The battalion had effectively ceased to exist as a fighting unit and was
withdrawn that evening.
PART THREE – AFTERMATH
BLIGHTY VALLEY CEMETERY, AUTHUILE WOOD, FRANCE.
Blighty Valley was the name given by the Army to the lower part of the deep
valley running down south-westward through Authuile Wood to join the
river between Authuile and Aveluy and it was here that the dead of the
8th battalion were buried.
Blighty Valley Cemetery is almost at the mouth of the valley, a little way up
its northern bank. It was begun early in July 1916, and used until the
following November by the troops taking part in the fighting on that
front. It then contained the graves of 212 soldiers and comprised the
whole of the present Plot I except 21 graves.
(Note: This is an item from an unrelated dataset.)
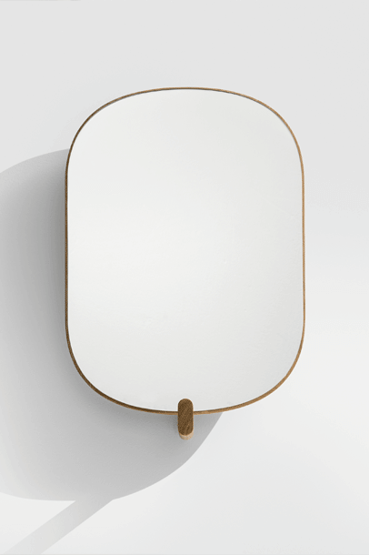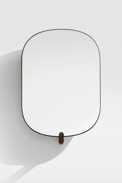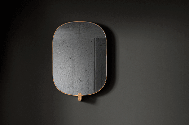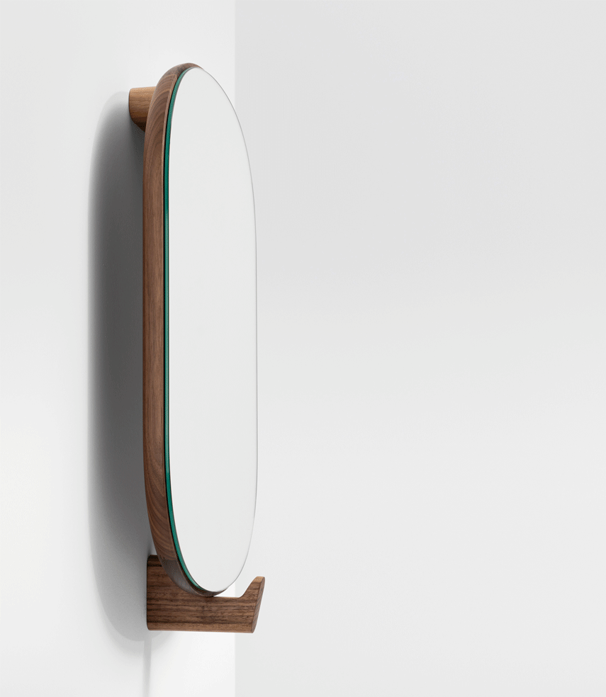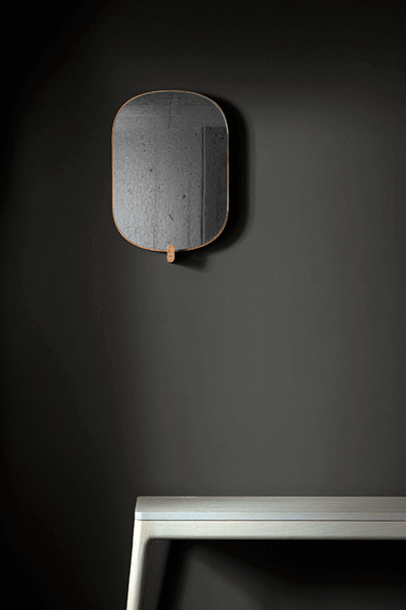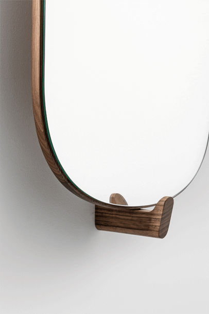 AD ORE – the mirror with hook. A hallway mirror for the last glimpse before leaving and a welcoming hand upon arrival. AD ORE does not only offer time for reflection, it also adds a coat hook to the structure holding the frame in place. An opportunity to hang a favourite jacket or the prepared bag that should not be forgotten.

It was not used again until after the Armistice in 1918 when 784 bodies
were brought in from the battlefields and small cemeteries to the east.
The majority of the officers and men thus reburied fell on the 1st July
1916. The cemetery contains the graves of 993 soldiers from the United
Kingdom, two from Australia and one from Canada. There are 532 unnamed
graves and special memorials are erected to 24 soldiers from the United
Kingdom known, or believed to be, buried amongst them. There are five
other special headstones commemorating soldiers from the United Kingdom,
buried by the enemy in Bécourt German Cemetery in the spring of 1918
whose bodies could not be found on exhumation.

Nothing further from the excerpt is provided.